No, this is not about Jack Kevorkian. This is about reasons for hiring a pathologist to kill someone, on the premise that a pathologist might be able to commit the perfect murder in which there would be no trace of any usable forensic evidence.
NCIS fans will remember Abby threatening to kill McGee (or was it Tony?) without leaving any forensic evidence. Someone like Abby might just be able to pull that off. A pathologist, however…I don’t know. It would have to be someone intimately involved with crime scenes, which a generalist like me would not be.
After all the CSI and similar shows on TV, anybody should be smart enough to wear gloves, shoe covers, a hair cover, disposable clothing, throw the murder weapon into the river, and not leave a cigarette butt lying around.

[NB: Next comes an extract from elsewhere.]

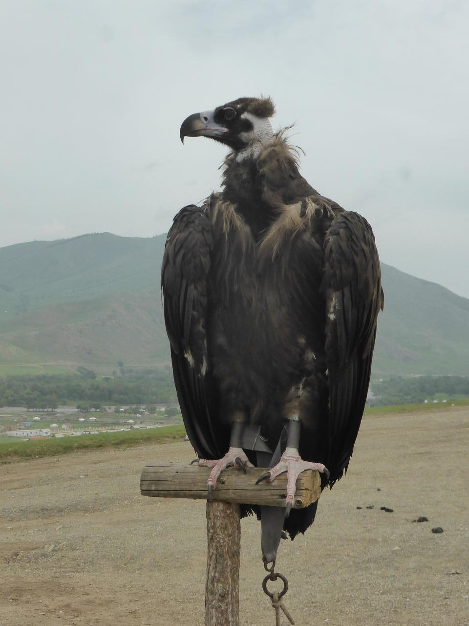 Für die Touristen stehen Mongolen dort und zeigen ihr Falknerhobby.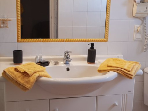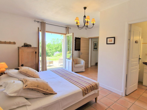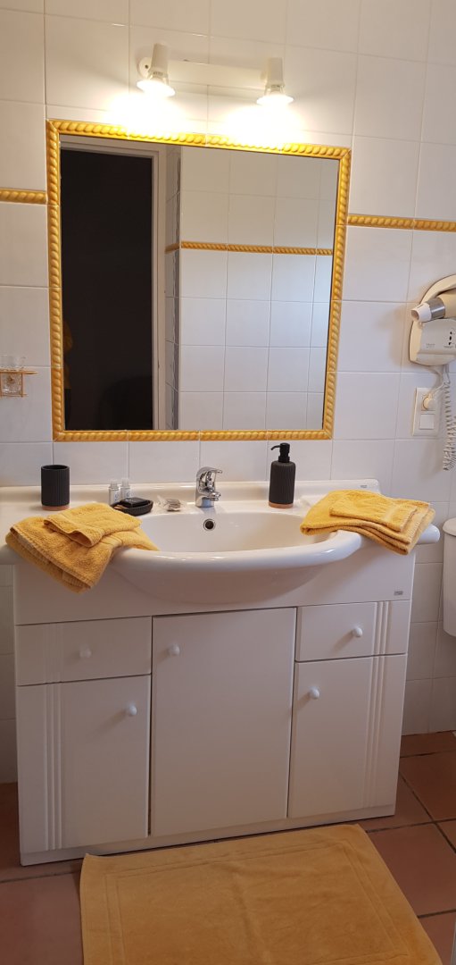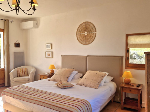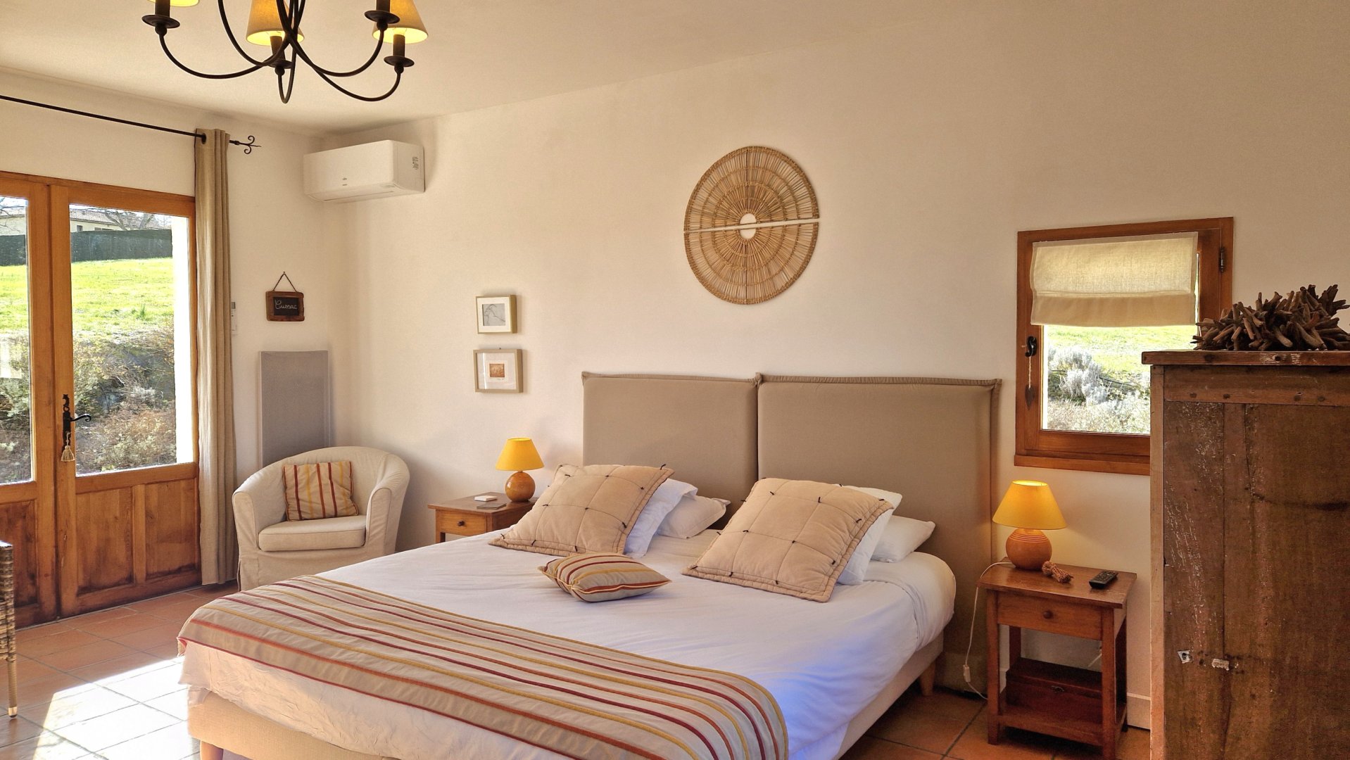 La chambre climatisée, elle aussi de 25 m², est pourvue d’une grande literie (180x200) ou à la demande de lits jumeaux. Elle dispose d’une salle de bain avec baignoire, plan vasque et des toilettes.

Anybody should be smart enough not to come to the funeral, or return to the crime scene, or brag about it to someone else. Obviously there should not be any accomplices, or any witnesses. There should have been no talk about being so mad at the victim you’d like to kill him, or even wish him dead. It would be even better if the murderer lived alone and didn’t have to account for his whereabouts to family members or anyone else.
(I’m using he and him in the generic sense here, not implying that only a male would either commit a murder or be a physician.)
None of this is specific to a pathologist, however. A pathologist, just by virtue of working in a hospital, would have access to much more subtle ways of killing someone. Although anybody can buy latex gloves in the paint department of Home Depot, where would one dispose of them safely? Fingerprints can be gotten off the insides of gloves these days. One might even be able to buy shoe covers and hair covers, and maybe even surgical scrubs, but again, safe disposal is a problem.
But one could dispose of bloody disposable protective gear in a red biohazard bag in a hospital, and nobody would ever open that bag once Housekeeping had taken it away to the incinerator. Even before that, nobody in his right mind would go rummaging around in a bag full of contaminated medical waste. It’s against all hospital policy dealing with biohazards. Likewise, one could buy needles and syringes in the drugstore, but how would one dispose of them after use? Only people who inject themselves regularly, like diabetics, have proper sharps containers in their homes. In the hospital, there are sharps containers everywhere, and nobody is allowed to go rummaging around in them. Once they’re full, off they go to the incinerator. The incinerator, by the way, is at a disposal center that contracts with hospitals to destroy medical waste, and picks it up on a regular basis.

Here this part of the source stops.